The required output is every record, reproduced exactly.

## Supplied data

Segment Open

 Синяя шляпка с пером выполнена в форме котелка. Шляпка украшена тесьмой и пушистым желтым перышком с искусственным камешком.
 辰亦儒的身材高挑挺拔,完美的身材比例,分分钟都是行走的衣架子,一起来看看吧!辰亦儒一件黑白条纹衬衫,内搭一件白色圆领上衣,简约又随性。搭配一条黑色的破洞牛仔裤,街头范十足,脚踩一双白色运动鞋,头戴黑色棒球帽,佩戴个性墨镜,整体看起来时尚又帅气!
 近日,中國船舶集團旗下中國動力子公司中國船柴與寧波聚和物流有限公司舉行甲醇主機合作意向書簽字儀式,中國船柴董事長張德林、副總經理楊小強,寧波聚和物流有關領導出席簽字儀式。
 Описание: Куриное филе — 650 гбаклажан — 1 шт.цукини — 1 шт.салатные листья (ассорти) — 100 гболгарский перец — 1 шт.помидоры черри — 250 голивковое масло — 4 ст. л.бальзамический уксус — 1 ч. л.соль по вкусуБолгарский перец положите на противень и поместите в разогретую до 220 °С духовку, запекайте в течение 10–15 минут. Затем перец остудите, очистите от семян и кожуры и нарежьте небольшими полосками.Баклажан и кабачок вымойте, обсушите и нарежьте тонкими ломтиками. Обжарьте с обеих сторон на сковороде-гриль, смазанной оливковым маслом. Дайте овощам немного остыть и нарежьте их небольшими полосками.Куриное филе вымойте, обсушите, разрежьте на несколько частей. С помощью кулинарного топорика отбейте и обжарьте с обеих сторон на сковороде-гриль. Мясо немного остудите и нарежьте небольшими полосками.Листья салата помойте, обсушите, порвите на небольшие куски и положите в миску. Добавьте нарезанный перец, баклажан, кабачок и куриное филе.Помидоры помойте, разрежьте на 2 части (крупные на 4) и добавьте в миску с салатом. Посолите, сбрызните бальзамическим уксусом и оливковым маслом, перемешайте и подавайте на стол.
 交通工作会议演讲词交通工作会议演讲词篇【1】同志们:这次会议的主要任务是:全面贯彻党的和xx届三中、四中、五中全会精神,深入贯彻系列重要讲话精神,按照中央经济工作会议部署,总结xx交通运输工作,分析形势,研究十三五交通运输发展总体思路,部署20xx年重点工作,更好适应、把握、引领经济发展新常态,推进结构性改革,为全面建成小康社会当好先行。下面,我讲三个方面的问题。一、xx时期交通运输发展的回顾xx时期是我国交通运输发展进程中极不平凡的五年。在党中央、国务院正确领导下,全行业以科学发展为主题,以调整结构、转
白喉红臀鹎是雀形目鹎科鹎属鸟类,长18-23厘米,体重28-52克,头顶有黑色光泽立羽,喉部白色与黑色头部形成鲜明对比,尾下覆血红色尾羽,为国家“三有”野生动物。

Segment Closed

## Exercise response
 Синяя шляпка с пером выполнена в форме котелка. Шляпка украшена тесьмой и пушистым желтым перышком с искусственным камешком.
 辰亦儒的身材高挑挺拔,完美的身材比例,分分钟都是行走的衣架子,一起来看看吧!辰亦儒一件黑白条纹衬衫,内搭一件白色圆领上衣,简约又随性。搭配一条黑色的破洞牛仔裤,街头范十足,脚踩一双白色运动鞋,头戴黑色棒球帽,佩戴个性墨镜,整体看起来时尚又帅气!
 近日,中國船舶集團旗下中國動力子公司中國船柴與寧波聚和物流有限公司舉行甲醇主機合作意向書簽字儀式,中國船柴董事長張德林、副總經理楊小強,寧波聚和物流有關領導出席簽字儀式。
 Описание: Куриное филе — 650 гбаклажан — 1 шт.цукини — 1 шт.салатные листья (ассорти) — 100 гболгарский перец — 1 шт.помидоры черри — 250 голивковое масло — 4 ст. л.бальзамический уксус — 1 ч. л.соль по вкусуБолгарский перец положите на противень и поместите в разогретую до 220 °С духовку, запекайте в течение 10–15 минут. Затем перец остудите, очистите от семян и кожуры и нарежьте небольшими полосками.Баклажан и кабачок вымойте, обсушите и нарежьте тонкими ломтиками. Обжарьте с обеих сторон на сковороде-гриль, смазанной оливковым маслом. Дайте овощам немного остыть и нарежьте их небольшими полосками.Куриное филе вымойте, обсушите, разрежьте на несколько частей. С помощью кулинарного топорика отбейте и обжарьте с обеих сторон на сковороде-гриль. Мясо немного остудите и нарежьте небольшими полосками.Листья салата помойте, обсушите, порвите на небольшие куски и положите в миску. Добавьте нарезанный перец, баклажан, кабачок и куриное филе.Помидоры помойте, разрежьте на 2 части (крупные на 4) и добавьте в миску с салатом. Посолите, сбрызните бальзамическим уксусом и оливковым маслом, перемешайте и подавайте на стол.
 交通工作会议演讲词交通工作会议演讲词篇【1】同志们:这次会议的主要任务是:全面贯彻党的和xx届三中、四中、五中全会精神,深入贯彻系列重要讲话精神,按照中央经济工作会议部署,总结xx交通运输工作,分析形势,研究十三五交通运输发展总体思路,部署20xx年重点工作,更好适应、把握、引领经济发展新常态,推进结构性改革,为全面建成小康社会当好先行。下面,我讲三个方面的问题。一、xx时期交通运输发展的回顾xx时期是我国交通运输发展进程中极不平凡的五年。在党中央、国务院正确领导下,全行业以科学发展为主题,以调整结构、转
白喉红臀鹎是雀形目鹎科鹎属鸟类,长18-23厘米,体重28-52克,头顶有黑色光泽立羽,喉部白色与黑色头部形成鲜明对比,尾下覆血红色尾羽,为国家“三有”野生动物。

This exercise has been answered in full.